In Dakshineswar, Kolkata, West Bengal, India, there is a Hindu navaratna temple called the Dakshineswar Kali Temple. The presiding goddess of the temple, which is located on the eastern bank of the Hooghly River, is Bhavatarini, a manifestation of Parashakti Adya Kali, also known as Adishakti Kalika. Rani Rashmoni, a Zamindar, philanthropist, and devotee of Kali, erected the shrine in 1855. The temple is well-known for its connections to Bengali mystics Ramakrishna and Ma Sarada Devi from the 19th century.
The Radhakanta temple in Navaratna style, constructed by Babu Ramnath Mondal of Tollygunge, served as inspiration for the main temple. In addition to the main temple with nine spires, the temple compound also has rooms along the perimeter walls of a sizable courtyard. Along the riverfront are twelve shrines to Shiva, Kali’s spouse, a Radha-Krishna temple, a riverside bathing ghat, and a shrine to Rani Rashmoni. Ramakrishna and Maa Sarada spent a large portion of their lives in “Nahabat,” the room in the northwest corner just past the final Shiva shrine.

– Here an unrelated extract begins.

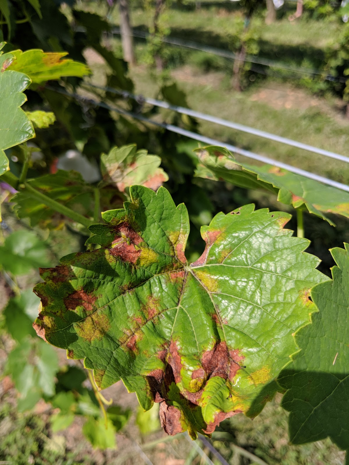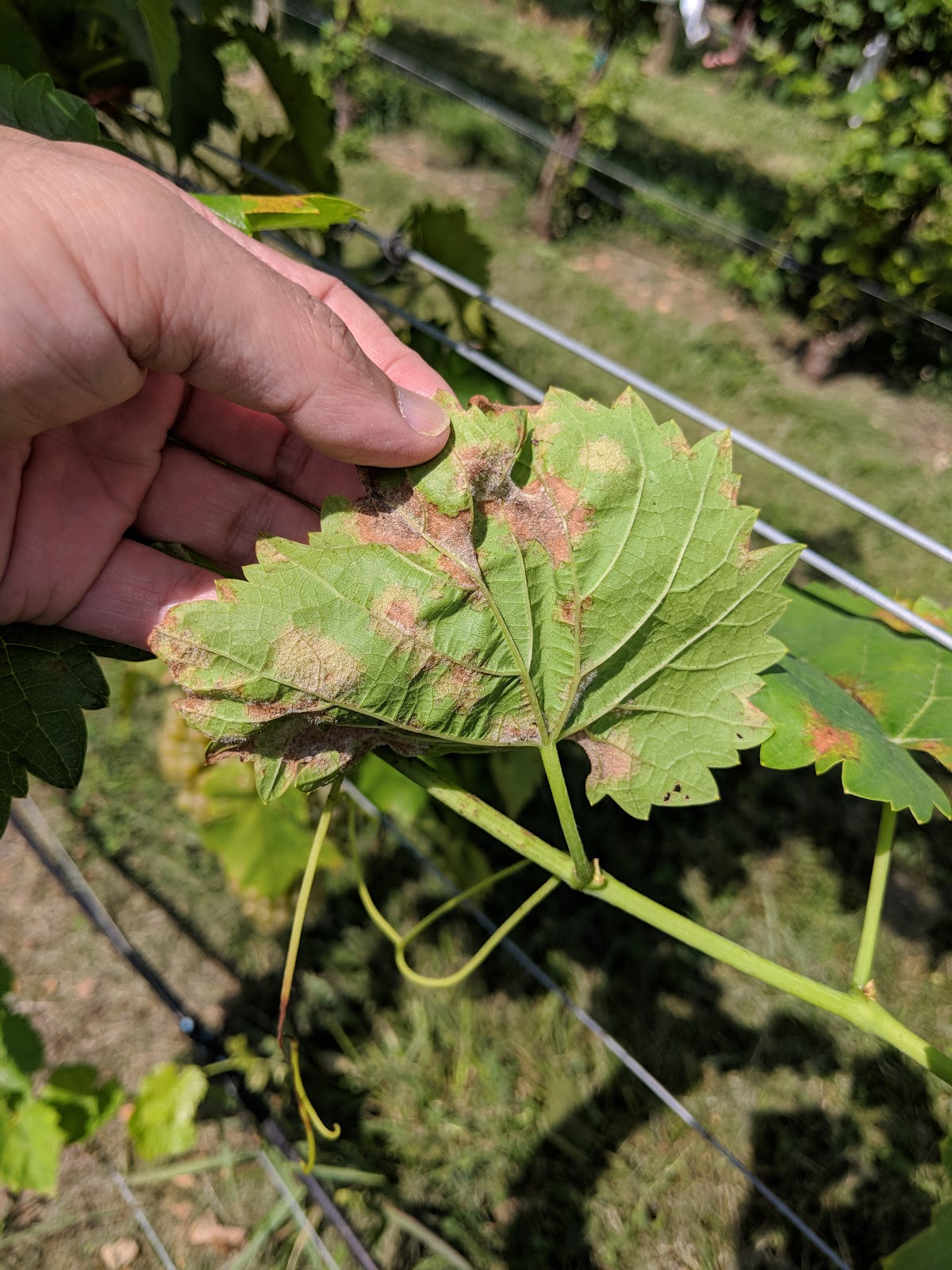 As usual, it is much better and easier to have a preventative program than trying to play the catch-up game. There are many good protective materials for downy mildew, such as Revus products, Zampro, Forum (Please note that these three share the same mode of action (FRAC=45 (+ 40 for Zampro), and Ranman (FRAC=21). In our small trial, fixed copper (FRAC=M1) worked pretty well against downy mildew when we compared with captan (FRAC=M4). Captan worked too, but a fixed copper product lasted longer than captan. However, some wine makers do not like to see captan or copper used late in the season, so, this time of the season maybe the best timing to use copper and captan for downy mildew. You can also use a phosphorous acid product (FRAC=33) as well (watch out for the rate!). For some cultivars, you may still use zirum (FRAC=M3) which has a 21-day PHI. Please mix and match to rotate among mode of action groups.

Rani was so deeply impacted by the dream that she searched for and bought a 30,000-acre tract in the village of Dakshineswar right away. Between 1847 and 1855, a sizable temple complex was constructed. Jake Hastie, an Englishman, sold the 20-acre (81,000 m2) site, which at the time was known as Saheban Bagicha. It took eight years and nine hundred thousand rupees to finish the construction of the partially old Muslim burial cemetery, which according to Tantra traditions is shaped like a tortoise and is suitable for the worship of Shakti. On May 31, 1855, during celebrations at the temple formerly known as Sri Sri Jagadishwari Kali, head priest Ramkumar Chhattopadhyay erected the idol of Goddess Kali.The row of twelve identical Shiva temples, built in the distinctive aat-chala Bengali style and facing the east close to the main temple, are situated on either side of the ghat on the Hooghly river. The Vishnu Temple, also known as the Radha Kanta Temple, is located to the northeast of the Temple Complex. A set of stairs leads to the temple, where a silver seat is adorned with an idol of Lord Krishna that is 21+12 inches (550 mm) in height and an idol of Radha that measures 16 inches (410 mm) in height.